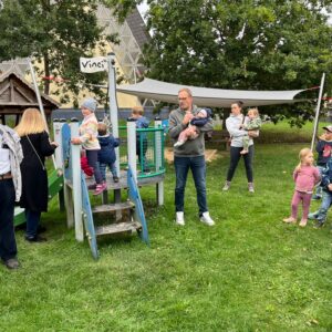 Der Spielplatz hinter der katholischen Kirche in Romrod (Ferdinand-Richtberg-Straße) hat eine tolle Aufwertung erfahren: Am gestrigen Sonntag übergab der Leiter der Romröder Spielplatzinitiative, Ortsvorsteher Fabian Musch, neue Spielgeräte – als da wären zwei neue Schaukeln, eine Spielgerätekiste, ein lang ersehntes Sonnensegel über dem Sandkasten für die Kleinen und ein großes Bodentrampolin. Der Übergabe wohnten auch Bürgermeister Hauke Schmehl und der stellvertretende Ortsvorsteher Willy Eifert bei – und natürlich zahlreiche Kinder!
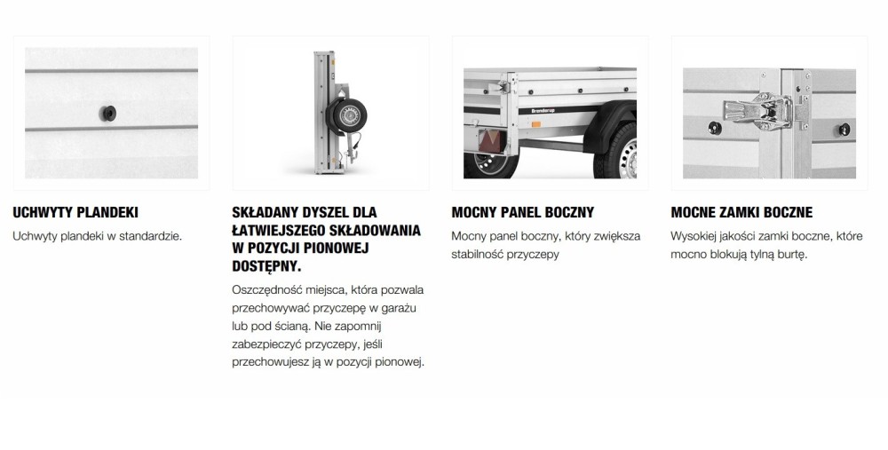 - Mocny panel boczny, który zwiększa stabilność przyczepy
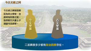 今古文之間雖壁壘分明,但仍有相似之處。首先,二派受兩漢讖緯之學的影響,我們現在看起來皆有荒誕不經之處。其次,二派興衰多少都有政治因素存在。其中今文經之興皆因朝廷為其立學官,治經成為利祿之途,自然吸引大量士子誦習今文經學。古文經之興起則是因劉歆借王莽的勢力刻意提倡,及至東漢古文經大盛,背後自然也跟君主獎勵有關。
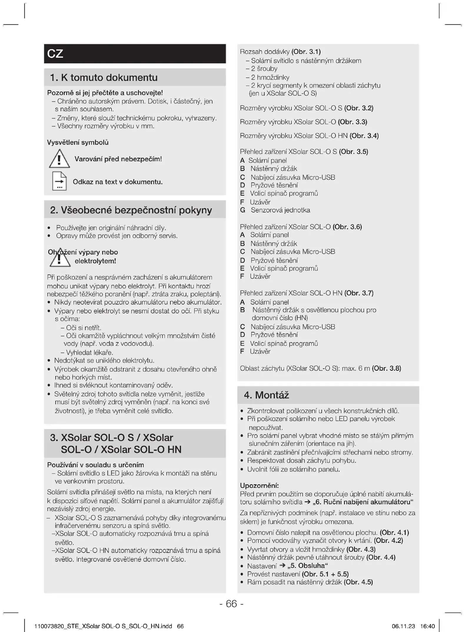 110073820_STE_XSolar SOL-O S_SOL-O_HN.indd 65110073820_STE_XSolar SOL-O S_SOL-O_HN.indd 65 06.11.23 16:4006.11.23 16:40- 66 - Rozsahdodávky (Obr 31) – Solární svítidlo s nástěnným držákem – 2 šrouby – 2 hmoždinky – 2 krycí segmenty k omezení oblasti záchytu (jen u XSolarSOL-OS) Rozměry výrobku XSolarSOL-OS (Obr 32) Rozměry výrobku XSolarSOL-O (Obr 33) Rozměry výrobku XSolarSOL-OHN (Obr 34) Přehled zařízení XSolarSOL-OS (Obr 35) A Solární panel B Nástěnný držák C Nabíjecí zásuvka Micro-USB D Pryžové těsnění E Volicí spínač programů F Uzávěr G Senzorová jednotka Přehled zařízení XSolarSOL-O (Obr 36) A Solární panel B Nástěnný držák C Nabíjecí zásuvka Micro-USB D Pryžové těsnění E Volicí spínač programů F Uzávěr Přehled zařízení XSolarSOL-OHN (Obr 37) A Solární panel B Nástěnný držák s osvětlenou plochou pro domovní číslo (HN) C Nabíjecí zásuvka Micro-USB D Pryžové těsnění E Volicí spínač programů F Uzávěr Oblast záchytu (XSolarSOL-OS): max. 6m (Obr 38) 4 Montáž
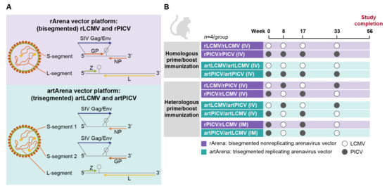 Vector constructs (A) and immunogenicity study design (B). Schematic diagram of constructs: rArena vector platform (trisegmented; A, upper panel) and artArena vector platform (trisegemented; A, lower). Heterologous LCMV and PICV vectors for prime vs. boost yielded comparable magnitude ELISpot responses by IV route; thus, both rLCMV/rPICV and rPICV/rLCMV and both artLCMV/artPICV and artPICV/artLCMV group responses were combined into a single group (each n = 8). Homologous vaccination refers to when prime and boost were administered with the same vector delivering identical immunogen. Heterologous vaccination refers to when two different vectors of the same platform were used to deliver identical immunogen.

- - -

» **PROBLEM STATEMENT**:
Among the entries above, take the line with "- Mocny panel", the line with "今古文之間雖壁壘分明,但仍有", and all the lines between them, and restate them word for word without pictures.

» **COMPLETED TASK**:
 - Mocny panel boczny, który zwiększa stabilność przyczepy
 今古文之間雖壁壘分明,但仍有相似之處。首先,二派受兩漢讖緯之學的影響,我們現在看起來皆有荒誕不經之處。其次,二派興衰多少都有政治因素存在。其中今文經之興皆因朝廷為其立學官,治經成為利祿之途,自然吸引大量士子誦習今文經學。古文經之興起則是因劉歆借王莽的勢力刻意提倡,及至東漢古文經大盛,背後自然也跟君主獎勵有關。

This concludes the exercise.